I am trying to find the Taylor series for $\sqrt{x}$ centered at $a=16$.
I begin by finding some derivatives so that i can work out a formula for the $n_{th}$ derivative as the Taylor series for a function is given by:
$$f(x) = \sum_{n=0}^\infty \frac{f^{n}(a)}{n!}(x-a)^n$$
I obtained the following for the first four derivatives:
$$f'(x)=\frac{1}{2}x^{-\frac{1}{2}}$$
$$f^2(x) = \frac{1}{2}.\frac{-1}{2}x^{-\frac{3}{2}}$$
$$f^3(x)=\frac{1}{2}.\frac{-1}{2}.\frac{-3}{2}x^{-\frac{5}{2}}$$
$$f^4(x)=\frac{1}{2}.\frac{-1}{2}.\frac{-3}{2}.\frac{-5}{2}x^{-\frac{7}{2}}$$
from this i have determined that successive terms alternate in signs beginning with a positive, so i might say that $f^n(a) = (-1)^{n+1}$ and checking for n=1 results in a positive, n=2 negative etc.

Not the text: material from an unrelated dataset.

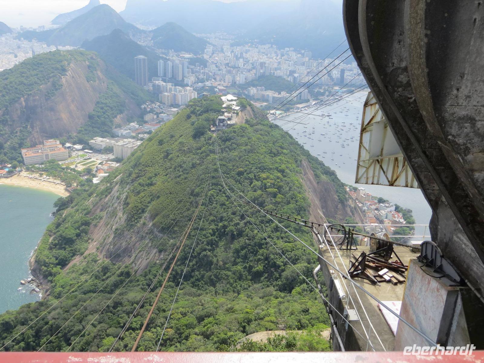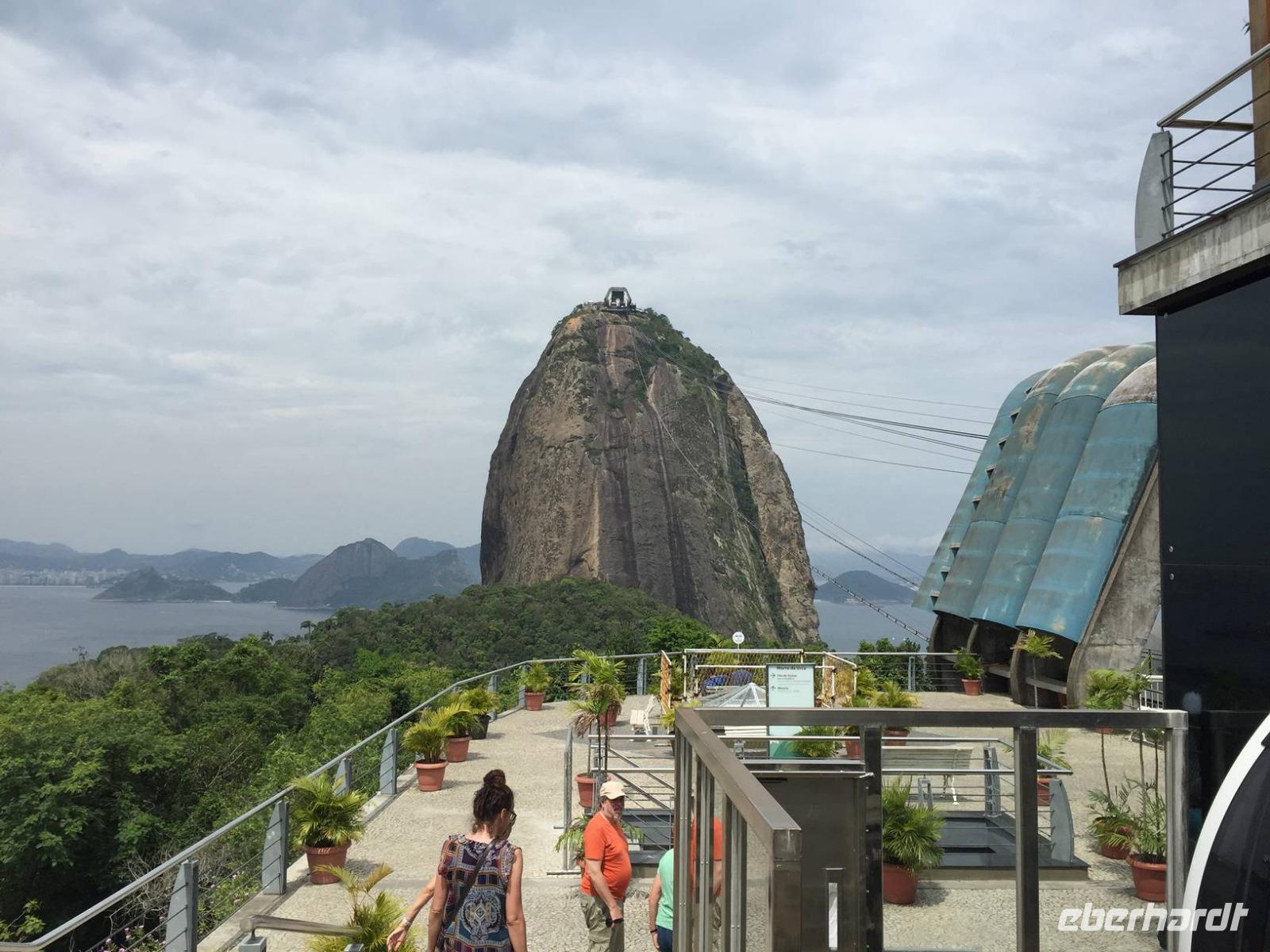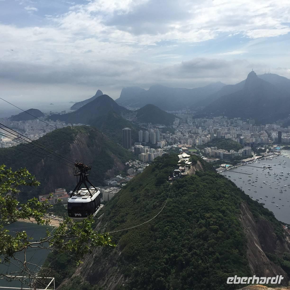 Die Auffahrt mit der Seilbahn ist zweigeteilt. Von der Talstation aus führt uns der erste Streckenabschnitt auf den 226 Meter hohen Morro da Urca. Hier genießen wir die verschiedenen Aussichten u.a. auf das Olympiagelände der Ruderer 2016. Dann geht es weiter mit der vollverglasten Seilbahn auf den benachbarten Zuckerhut, der aus dem Meer herausragt. Oben in knapp 400 Meter Höhe angekommen, genießen wir einfach nur die spektakuläre Aussicht bei diesem herrlichen Wetter.

Next, it is easily seen that success derivatives have the pattern $\frac{1}{2^n}$, the powers of x, $\text{}$ $x^{\frac{-2n+1}{2}}$
I am having difficulty obtaining a pattern for $1.1.3.5.7…$
I notice that sometimes in these problems you can only get a pattern for the derivatives from say n=2, or n=3. My instinct says knock off the first derivative and obtain a pattern for n=2 onwards then we have $1.3.5.7 $
I've tried a couple of things using $Tn=a+(n-1)d$ to get the pattern but i'm not having much luck. Could someone provide me some tips on how to determine this pattern and also how to know when you have to 'knock off a term', say only take a pattern from n=2?
edit
In order to determine the pattern you can do the following. given a sequence that starts at n=2 and is $3.7.11…$ for example. Take the difference between the terms, so 4. then multiply by n: $4n$ now substitute values of n to see what this gives and compare to what is expected. so for $n=2$, $4(2)=8$ but we want $3$ so we need to subtract 5. Likewise for n=3, $4(3)=12$ but we want 7 so subtracting 5 will give 7. Hence the pattern is $3.7.11…(4n-5)$
Best Answer
Note that by the extended binomial theorem, for $|z|\leq 1$, $$\sqrt{1+z}=\sum_{n=0}^{\infty}\binom{1/2}{n}z^n$$ where $\binom{1/2}{0}=1$, $\binom{1/2}{1}=1/2$ and for $n>1$, $$\binom{1/2}{n}=\frac{1}{n!}\prod_{k=0}^{n-1}\left(\frac{1}{2}-k\right)= \frac{(-1)^{n-1}(1\cdot3\cdot5\cdot7\cdots(2n-3))}{n!2^n} =\frac{(-1)^{n-1}\binom{2n}{n}}{(2n-1)4^n}.$$ Hence for $|x-16|\leq 16$, $$\sqrt{x}=\sqrt{16+(x-16)}=4\sqrt{1-\frac{(x-16)}{16}}=4\sum_{n=0}^{\infty}\frac{\binom{1/2}{n}}{16^n}(x-16)^n\\ =\sum_{n=0}^{\infty}\frac{(-1)^{n-1}\binom{2n}{n}}{(2n-1)4^{3n-1}}(x-16)^n.$$